← Back to HCPCS Code Library
What this equipment is
E0470 is the HCPCS code for a bilevel positive airway pressure device with a backup rate (BiPAP ST or BiPAP ASV). Unlike CPAP, which delivers one continuous pressure, BiPAP delivers two levels — a higher pressure on inhale (IPAP) and a lower pressure on exhale (EPAP). The backup rate forces a breath if the patient doesn't trigger one within a set time.
BiPAP is used for complex sleep-disordered breathing, CPAP-intolerant patients, COPD with overlapping OSA, and central sleep apnea. It's a step up from CPAP — both clinically and in payer scrutiny.
Medicare coverage criteria
- Failed CPAP trial. Most payers require documentation that CPAP was tried and failed or was not tolerated before approving BiPAP. "Failed" typically means adherence <4 hours/night despite adequate support.
- Central or mixed sleep apnea.

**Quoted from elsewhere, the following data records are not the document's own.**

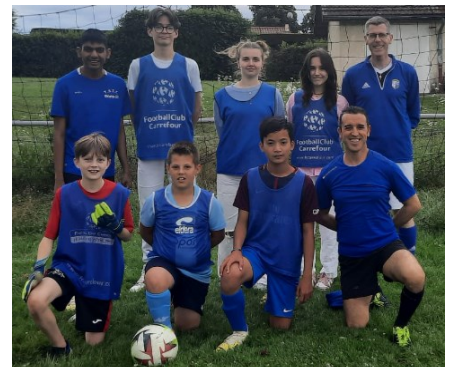
Football : les deux équipes en lice
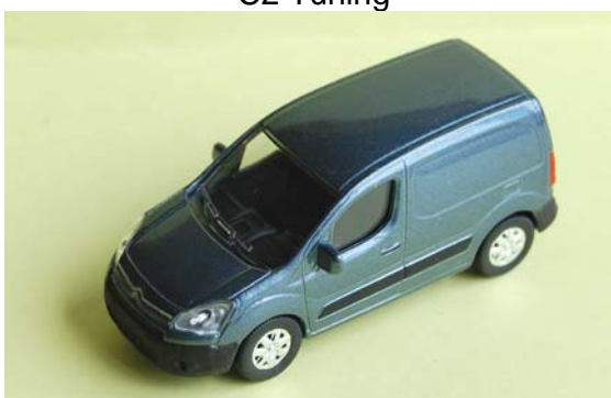
Berlingo 2008 tolé
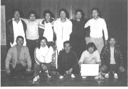
▷男子の部で優勝した与川内チーム
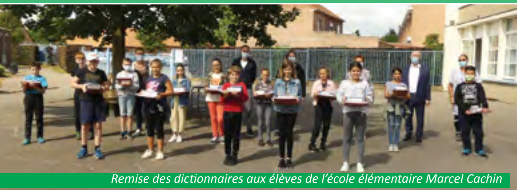
Remise des dictionnaires aux élèves de l'école élémentaire Marcel Cachin

Cette année, malgré la crise sanitaire, la municipalité a offert aux 131 élèves de CM2 entrant au collège, un dictionnaire accompagné d'un ouvrage « Nos Histoires de France » et d'une clé USB. Les directeurs se sont chargés de remettre ces outils aux élèves qui suivaient les cours à domicile et M. le Maire, accompagné de l'Adjointe à l'enseignement, se sont rendus dans les écoles afin de les remettre aux enfants présents.

BiPAP ST (spontaneous-timed) or ASV (adaptive servo-ventilation) is used for central sleep apnea (G47.31) or complex sleep apnea. The sleep study must demonstrate central or mixed events, not purely obstructive.
- Documented CPAP intolerance. Physical intolerance (claustrophobia, mask pressure sores), side effects (aerophagia), or documented inability to tolerate CPAP at therapeutic pressure.

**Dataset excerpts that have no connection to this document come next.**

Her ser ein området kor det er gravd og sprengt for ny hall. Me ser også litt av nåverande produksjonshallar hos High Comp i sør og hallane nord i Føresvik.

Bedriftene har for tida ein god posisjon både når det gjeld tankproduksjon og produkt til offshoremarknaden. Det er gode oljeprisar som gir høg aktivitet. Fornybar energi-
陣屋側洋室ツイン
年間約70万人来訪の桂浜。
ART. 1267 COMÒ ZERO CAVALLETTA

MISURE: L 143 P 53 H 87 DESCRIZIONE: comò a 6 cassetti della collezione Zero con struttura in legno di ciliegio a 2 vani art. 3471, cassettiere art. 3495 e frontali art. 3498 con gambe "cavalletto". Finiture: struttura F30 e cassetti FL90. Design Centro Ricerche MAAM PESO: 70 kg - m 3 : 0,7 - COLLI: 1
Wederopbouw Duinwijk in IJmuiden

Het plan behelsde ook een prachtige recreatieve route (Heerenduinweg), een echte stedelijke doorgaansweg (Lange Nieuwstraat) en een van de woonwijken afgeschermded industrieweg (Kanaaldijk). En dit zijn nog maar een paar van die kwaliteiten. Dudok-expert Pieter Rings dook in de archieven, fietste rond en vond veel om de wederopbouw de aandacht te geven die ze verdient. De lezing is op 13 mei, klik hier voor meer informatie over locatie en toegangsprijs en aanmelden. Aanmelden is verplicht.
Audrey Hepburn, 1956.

- COPD with nocturnal hypoventilation. Some payers cover E0470 for COPD patients with documented nocturnal hypercapnia (elevated PaCO2) or oxygen saturation drops below 88% despite CPAP.
What actually causes denials in DME back offices
- No CPAP failure documentation. The most common denial reason for E0470 is a missing or inadequate CPAP trial record. Payers want evidence CPAP was attempted — compliance data from the device download is the gold standard.
- Wrong sleep study type. An in-lab attended PSG is preferred for BiPAP authorization; home sleep tests may not be sufficient for complex sleep diagnoses. Confirm payer requirements before the study.
- Missing sleep physician interpretation. The sleep study report must include a physician's interpretation with event counts (AHI, central apnea index, mixed events) — not just raw data from the device.
- Diagnosis mismatch. Billing E0470 for pure obstructive sleep apnea (G47.33) with no evidence of central or complex apnea often triggers denial. BiPAP is not simply "stronger CPAP" — the clinical rationale must match the diagnosis.
- No PA number. E0470 is frequently a PA-required code for commercial payers. The PA must reflect the correct device type (BiPAP ST vs. ASV) — using a generic PA for "BiPAP" may not authorize the specific E0470 device.
Documentation checklist
- Physician order specifying BiPAP ST or ASV with backup rate settings
- Sleep study report with central/mixed apnea indices and physician interpretation
- CPAP trial data showing failure or intolerance (device download report)
- Documented reason CPAP was inadequate — not just "patient preference"
- CMN with qualifying diagnosis and length of need
- PA number from payer
Reimbursement note: E0470 rental rates are slightly higher than E0601 due to the more complex device. Medicare allows approximately 15–20% more for E0470 than E0601 depending on region. Commercial payer contracts vary — verify your allowed amount before billing. ASV devices (E0471) are a separate, more expensive code with stricter coverage criteria.
Book a Demo
See how ScriptRelay automates verification, intake, and denial management for DME distributors.
Book a 20-Min Walkthrough →
Frequently asked questions
Do I need to try CPAP before billing E0470?
Most payers — including Medicare Advantage plans — require a documented CPAP trial with evidence of failure or intolerance before approving E0470. The device download showing poor adherence (<4 hrs, <70% nights) is the strongest proof. "Patient tried CPAP" without documentation will not satisfy most payers.
What is the difference between BiPAP ST and BiPAP ASV?
BiPAP ST (spontaneous-timed) delivers pressure support on patient-triggered breaths and applies a set minimum rate if the patient doesn’t breathe. BiPAP ASV (adaptive servo-ventilation) continuously adjusts pressures breath-by-breath and is specifically used for central sleep apnea. E0470 covers ST; ASV devices may fall under different codes with separate coverage criteria.
Can I upgrade a patient from CPAP to BiPAP mid-rental?
Yes, with documentation. Submit a new order for E0470 with the CPAP failure documentation, device compliance report, and updated CMN. The existing E0601 rental should be stopped on the date the new device is delivered. Some payers will authorize the upgrade during the CPAP rental period; others require you to complete the CPAP rental first.